4 Tips for Prepping Animals Before a Big Adoption Event
You've selected your location and found funding for your mega adoption event—now it's time to start thinking about preparing your animals. To help make the task less daunting, here are four helpful tips from your colleagues.
Select Your Animals
Donna Kincer, development director for Greater Androscoggin Humane Society in Lewiston, ME, says it's important to have enough animals available. "In the middle of an event," she explains, "it is not uncommon for us to reach out to other shelters to ask them to send over more pets."
Shelly Simmons, division manager of Greenville County Animal Care in Greenville, SC, says that if the goal is to adopt 100 animals, "make sure to have 150 available" since animals you had earmarked for the event may get adopted, sent to foster homes or get sick.
Many shelters include all the animals in their care in mega adoption events—even those who are still on stray hold. For example, at KC Pet Project in Kansas City, KS, potential adopters can do an early bird hold for dogs who are on stray hold.

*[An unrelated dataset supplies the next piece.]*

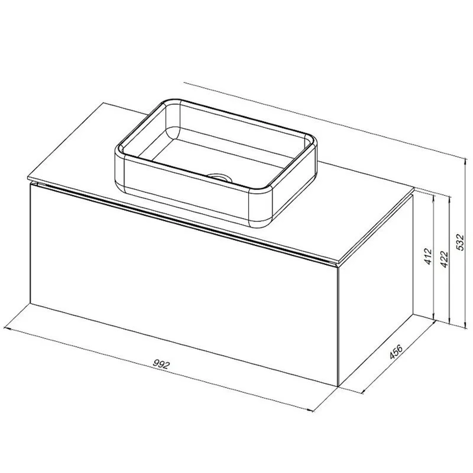 Габариты корпуса тумбы (ШхВхГ): 992х421х456 мм.

Half of the $50 hold charge is applied to the animal's adoption fee and the other half is considered a donation. The deposit guarantees the potential adopter the first right to adopt the pet if no one claims the dog at the end of the hold period.
Kincer says it's a good idea to include animals who are in foster care and to have the foster family available to talk with potential adopters at the event.
Some agencies combine forces with other shelters or rescues on large adoptions events, which is a great way to address the homeless pet problem on a community-wide basis. If you choose to partner with other groups on a mega adoption event, keep these three things in mind:
Go in with a collaborative mindset. "We do not view the animals at these events as 'our animal' or 'your animal'—we are in this together, trying to save lives," says Kincer.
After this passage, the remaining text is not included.